(Saved entries)

────────

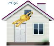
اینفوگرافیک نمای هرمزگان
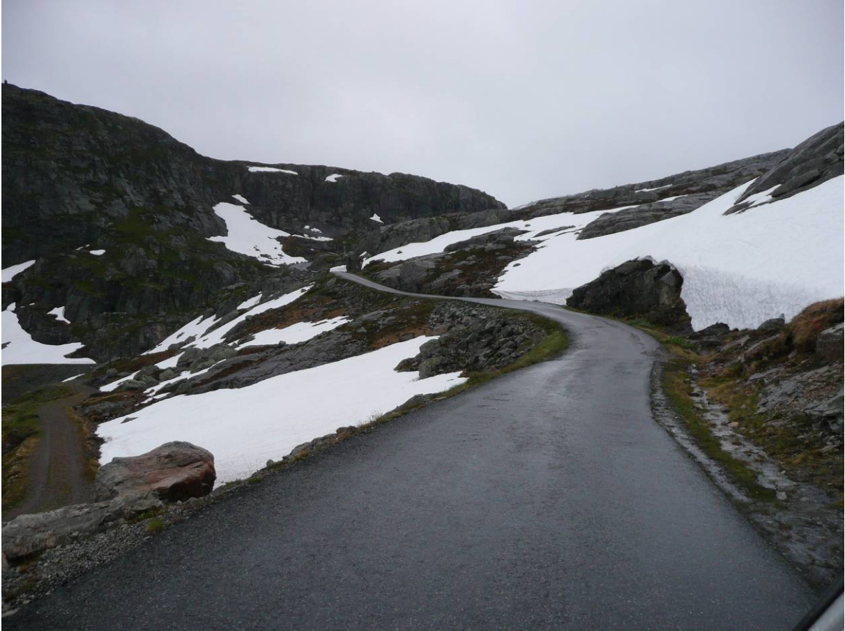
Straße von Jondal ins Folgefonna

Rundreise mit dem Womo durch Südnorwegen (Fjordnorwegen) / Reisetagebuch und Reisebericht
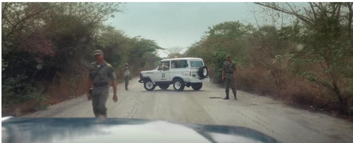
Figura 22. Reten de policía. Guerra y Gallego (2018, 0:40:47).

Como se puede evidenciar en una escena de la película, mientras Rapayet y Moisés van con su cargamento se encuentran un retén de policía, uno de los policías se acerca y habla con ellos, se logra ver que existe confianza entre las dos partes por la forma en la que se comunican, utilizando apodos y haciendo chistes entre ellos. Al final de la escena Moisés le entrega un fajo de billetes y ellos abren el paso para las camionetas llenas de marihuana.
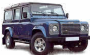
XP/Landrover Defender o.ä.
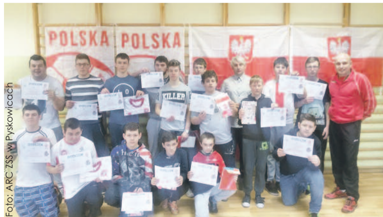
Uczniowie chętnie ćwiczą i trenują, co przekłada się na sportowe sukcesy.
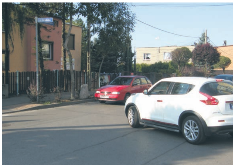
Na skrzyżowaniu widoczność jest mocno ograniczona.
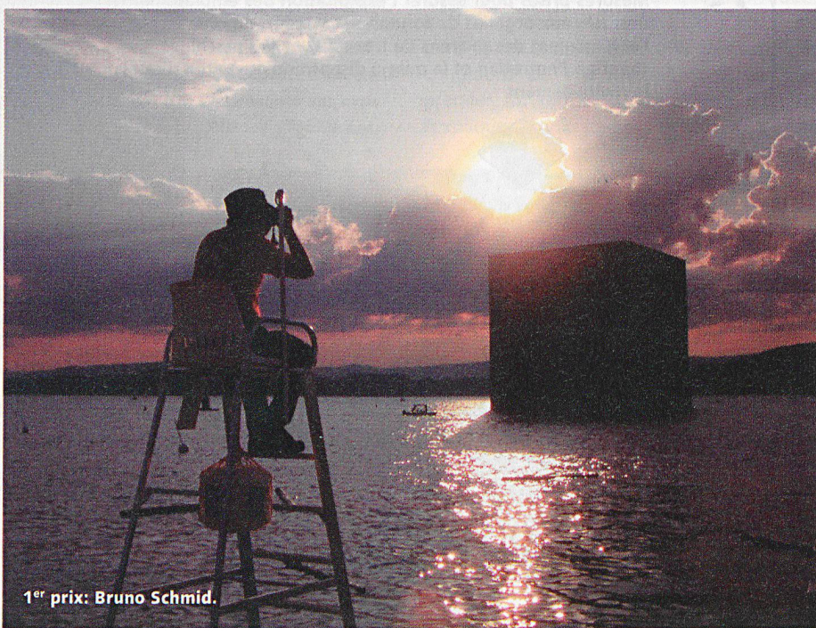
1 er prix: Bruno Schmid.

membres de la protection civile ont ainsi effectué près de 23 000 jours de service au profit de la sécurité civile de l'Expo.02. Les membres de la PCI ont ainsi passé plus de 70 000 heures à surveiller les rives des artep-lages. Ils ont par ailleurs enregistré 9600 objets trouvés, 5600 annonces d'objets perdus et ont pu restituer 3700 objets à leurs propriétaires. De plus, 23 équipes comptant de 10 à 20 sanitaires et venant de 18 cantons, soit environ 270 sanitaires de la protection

────────

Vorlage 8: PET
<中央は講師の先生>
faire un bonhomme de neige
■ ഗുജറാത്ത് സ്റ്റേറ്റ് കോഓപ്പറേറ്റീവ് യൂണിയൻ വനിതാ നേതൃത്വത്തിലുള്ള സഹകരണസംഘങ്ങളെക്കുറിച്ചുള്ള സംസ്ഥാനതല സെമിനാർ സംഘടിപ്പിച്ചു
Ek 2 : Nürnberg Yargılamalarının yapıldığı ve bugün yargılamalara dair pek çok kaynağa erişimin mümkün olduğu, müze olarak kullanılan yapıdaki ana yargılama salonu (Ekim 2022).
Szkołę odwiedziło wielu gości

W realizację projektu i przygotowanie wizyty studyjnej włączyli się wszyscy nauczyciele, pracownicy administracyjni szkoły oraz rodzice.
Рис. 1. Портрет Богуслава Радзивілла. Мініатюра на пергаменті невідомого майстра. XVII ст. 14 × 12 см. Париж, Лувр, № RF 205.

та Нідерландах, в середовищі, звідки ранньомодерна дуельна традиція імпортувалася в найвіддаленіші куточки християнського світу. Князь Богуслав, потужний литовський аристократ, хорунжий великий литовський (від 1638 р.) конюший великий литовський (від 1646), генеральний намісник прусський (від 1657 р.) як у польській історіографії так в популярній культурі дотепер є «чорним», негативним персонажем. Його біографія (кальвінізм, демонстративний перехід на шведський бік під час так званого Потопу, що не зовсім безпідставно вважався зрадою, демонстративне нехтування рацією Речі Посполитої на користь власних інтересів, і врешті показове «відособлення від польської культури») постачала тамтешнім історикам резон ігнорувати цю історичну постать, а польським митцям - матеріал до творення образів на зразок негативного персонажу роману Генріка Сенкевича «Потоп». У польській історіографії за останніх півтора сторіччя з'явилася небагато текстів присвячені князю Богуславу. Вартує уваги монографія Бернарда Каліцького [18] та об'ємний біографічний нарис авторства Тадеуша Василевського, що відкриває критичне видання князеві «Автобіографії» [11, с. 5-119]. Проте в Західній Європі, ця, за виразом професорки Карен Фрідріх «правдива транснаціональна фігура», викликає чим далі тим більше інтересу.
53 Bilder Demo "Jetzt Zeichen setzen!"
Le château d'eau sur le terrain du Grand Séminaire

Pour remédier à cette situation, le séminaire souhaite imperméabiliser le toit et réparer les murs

────────

- [What needs to be done]: Nothing but the lines from the one with "اینفوگرافیک نمای هرمزگان" to the one with "Figura 22. Reten" above, both included, should be transcribed, exactly and without pictures.

- [Written response]:
اینفوگرافیک نمای هرمزگان
Straße von Jondal ins Folgefonna

Rundreise mit dem Womo durch Südnorwegen (Fjordnorwegen) / Reisetagebuch und Reisebericht
Figura 22. Reten de policía. Guerra y Gallego (2018, 0:40:47).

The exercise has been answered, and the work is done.